In 1951, the Chinese government signed a 17-point agreement with Tibetan representatives. The Dalai Lama later telegraphed chairman Mao Zedong, saying the local Tibetan government and Tibetan monks supported the central government's leadership.

On Oct. 1, 1958, he wrote in the People's Daily, in his role as a vice chairman of the top legislature, the National People's Congress, that the Tibetans had enjoyed full freedom and equality since returning to the motherland.

However, several months later, the Dalai Lama supported an armed insurgency in Tibet. He fled to India after it failed and formed a "government in exile".

Since then, he has betrayed his home country and fellow Tibetans time and again with repeated calls to separate Tibet from China, which is far beyond what a simple monk would do.

He is preaching "peace" and "human compassion" and seeking "benefits" for the Tibetans when he shuttles around the world by air, receiving accolades here and there.

But the self-proclaimed spiritual leader has obviously forgotten his identity, abused his religion and played too much politics.

He has never renounced the "Tibetan Exile Constitution", an outlawed document similar to the "Future Tibet Constitution" drafted in 1963, which proclaimed the establishment of an "ethnically unified state led by the Dalai Lama".

In 1987 and 1988, he proposed a "Five Point Peace Plan" in the U.S. Congress and a "New Seven-point Proposal" in the European Parliament, supporting Tibetan independence.

In recent years, the Dalai Lama has repeated that he did not seek independence but instead sought a high degree of autonomy for Tibet within the framework of the Chinese Constitution.

Under the Dalai Lama's autonomy claim, Chinese troops should leave Tibet. Also, Tibet could maintain diplomatic relations with other countries and international organizations, which is tantamount to admitting Tibet's independence, said An Cedain, a researcher with the Center for Research on Tibet.

Meanwhile, the Dalai Lama is expanding his pro-independence infrastructure. His 13th government in exile, established in 2006, has seven ministries: civil affairs, foreign affairs and media, religion and culture, education, finance, health and security. In 1959, his first such government had only four ministries.

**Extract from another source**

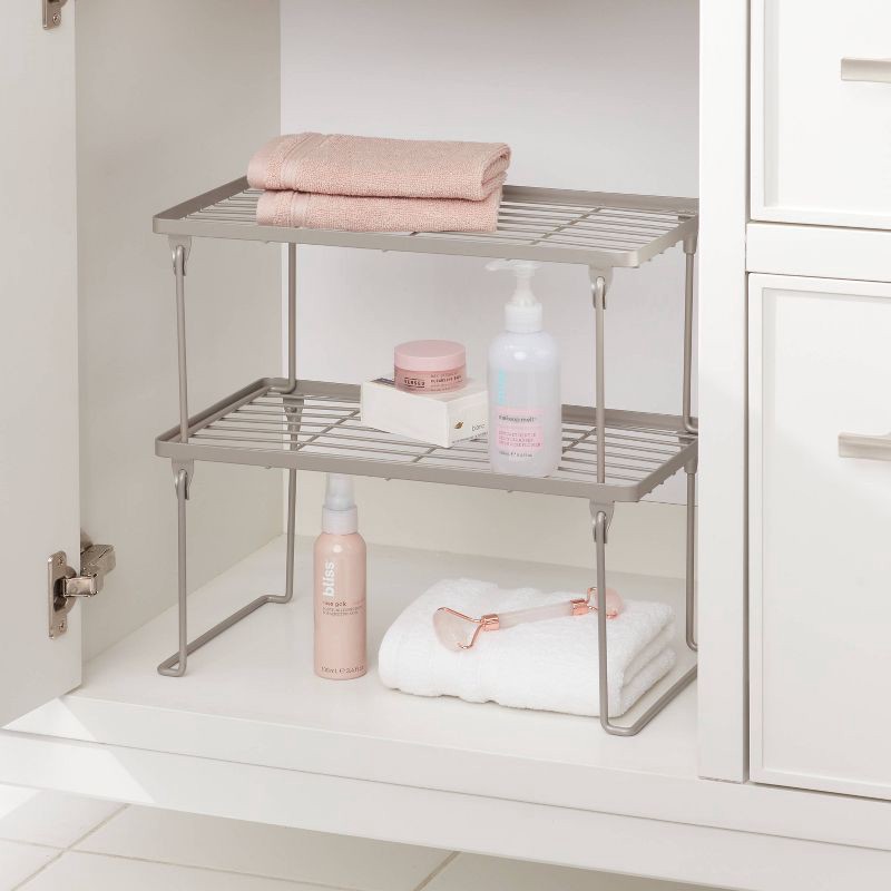 slide 1 of 3, Stacking Shelf Brushed Nickel - Brightroom™: Steel Wire Storage Rack, No Assembly, Foldable Design, 1 ct

To make this government in exile status more credible, the Dalai Lama and his supporters produced a "Tibetan national anthem" and "Tibetan national flag", which had never existed before 1959.

Students in overseas Tibetan schools must sing the anthem and hoist the banner at their opening ceremonies, which demonstrates the Dalai Lama's transparent goal of independence.

During the latest riots in Lhasa, he disassociated himself from the conspiracy as an innocent monk, merely admonishing his followers in reported statements "not to resort to violence" after the disturbances.

An article in the New York Times said "the Dalai Lama was a poor and poorly advised political strategist".

If the Dalai Lama, 73, really wishes to be a simple Buddhist monk, it's high time for him to stop playing politics and cheating people, Westerners in particular, with his hypocritical "autonomy" claims.